Published 25.09.2017 21:44

Iraqi Kurdistan Regional Government (KRG) leader Masoud Barzani's determination to hold the independence referendum in northern Iraq has sparked additional turmoil in the Middle East. While the governments of Turkey, Iraq and Iran strongly protested the decision, Israel has voiced support for the move. Those countries that condemn the vote fear that Iraq's eventual dismemberment will provoke an instability wave across the region. This doesn't mean Iraq's disintegration will necessarily cause Turkey or Iran's collapse as well; for example, the former Czechoslovakia's dismemberment didn't provoke the same in neighboring Hungary back in the 1990s.

The main problem and the essential reason why Iran and Turkey are that worried is because they know the entire referendum process had been crafted elsewhere and not solely in northern Iraq. In other words, Iraqi Kurdish leaders couldn't have imagined organizing the referendum if they hadn't been encouraged by foreign players to do it. The latter are eventually "big" players upon which regional powers like Turkey and Iran have limited effect. Moreover, in the Middle East, we lack a regional integration project like the European Union, so no one can foretell where this dismemberment will lead.

That's why it is not difficult to see why Iran or Turkey are worried. It is also understandable why Israel is so pleased: It traditionally supports every move that will weaken an Arab state, and especially the Baghdad government that has close relations with Tehran.

As for the U.S. and Russia, officially, they oppose the referendum. It is not sure, however, whether they are opposed to independence or just to the timing of the referendum. We know, by experience, that the U.S.'s current criticism can perfectly disappear in a while, and Washington may work with the new independent entity without any problem. The same is also true for Russia. Maybe the reason why Russia is against the referendum is that they feel an independent northern Iraq will become a U.S. partner. However, it is also possible that in the wake of eventual independence, the rulers of the new entity may change and pro-Russian cadres may seize power. It happened many times in the Middle East before, and the Russians are particularly able nowadays in reversing situations that are not in their favor.
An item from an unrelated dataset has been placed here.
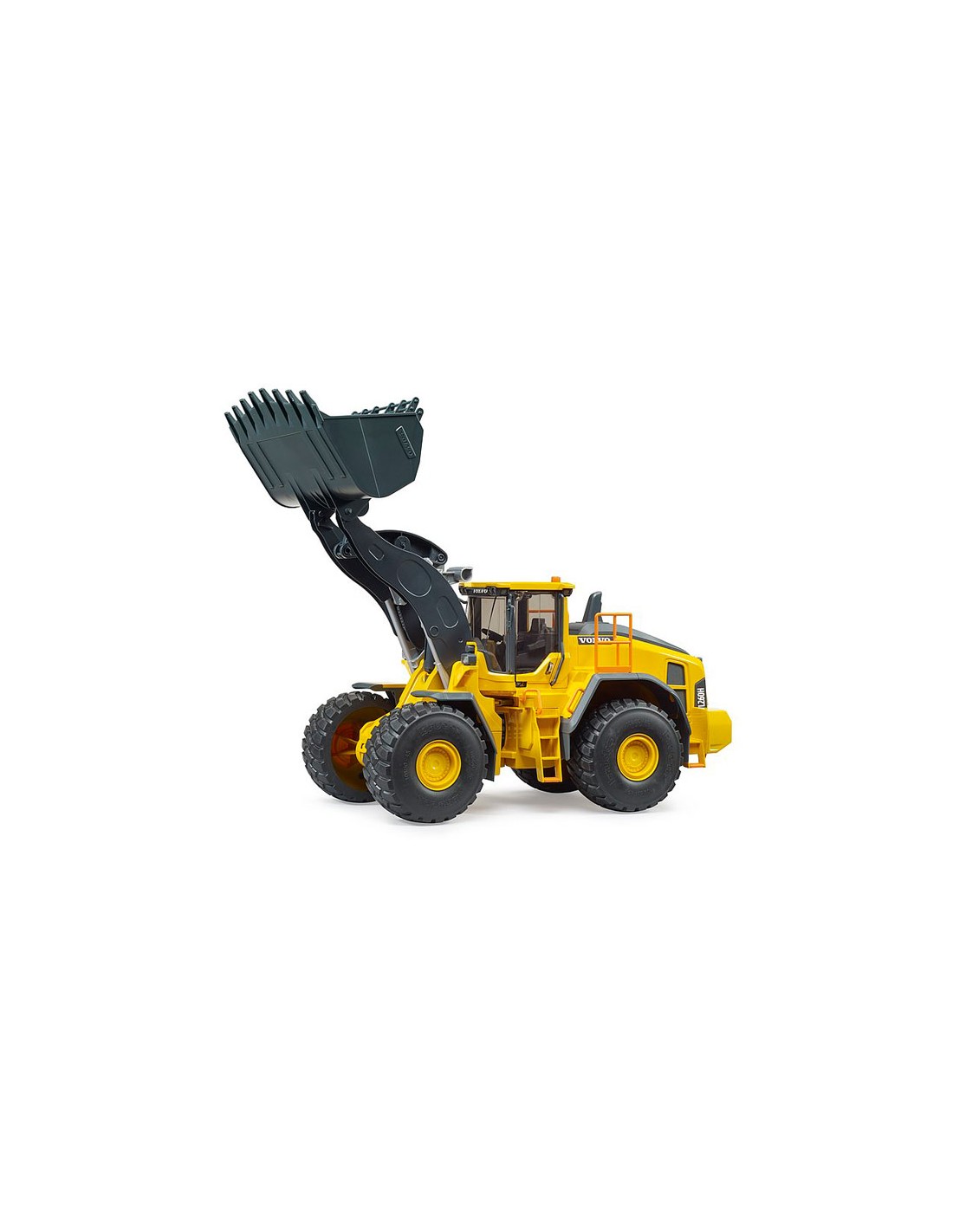 Excavadora de juguete Volvo L260H de Bruder con brazo extensible, pala cargadora basculante, cabina con interior accesible para las figuras Bworld, apertura de puertas y capó para niños y coleccionistas de maquinaria de construcción a escala. ¡La diversión y las horas de juego creativo están aseguradas con la nueva cargadora Volvo L260 de Bruder!

Despite the clear positions of regional powers and of the two great powers, we are not sure what exactly the EU thinks about the referendum. France and the U.K. have criticized it, but using a very mild tone. They don't want to anger the Kurds, of course, but they can't openly support an independence referendum right now either, as another EU member, namely Spain, too, is trying to deal with an independence referendum these days.

They can't probably say yes to one referendum while saying no to the other, even though Europe generally acts according to its immediate interests and not principles.
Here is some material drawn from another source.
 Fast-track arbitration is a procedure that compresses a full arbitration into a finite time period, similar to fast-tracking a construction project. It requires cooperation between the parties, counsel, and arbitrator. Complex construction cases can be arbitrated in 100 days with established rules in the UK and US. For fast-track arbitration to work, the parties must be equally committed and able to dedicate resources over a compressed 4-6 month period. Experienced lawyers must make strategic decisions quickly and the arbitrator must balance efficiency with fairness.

Moreover, Germany's position is not clear either, and that's one of the reasons why the EU can't make a decision about the northern Iraqi referendum. On the one hand, Germany has been pushed out of the Middle East, partly thanks to Turkey, and on the other, the country now has its own problems, like forming a coalition government in the wake of general elections and finding a way to save the EU's future.

Therefore, it is obvious that it is the two great powers that will decide what comes next in northern Iraq, and no one else. Every other development in the region, i.e. Iran's missile tests, weapon transfers to the PKK-affiliated Democratic Union Party (PYD), or the fight against Daesh are all related to these powers' bargains over the region's future. The point is, none of them really care about the well-being of the Kurdish people, but only about whom they can use for their own interests.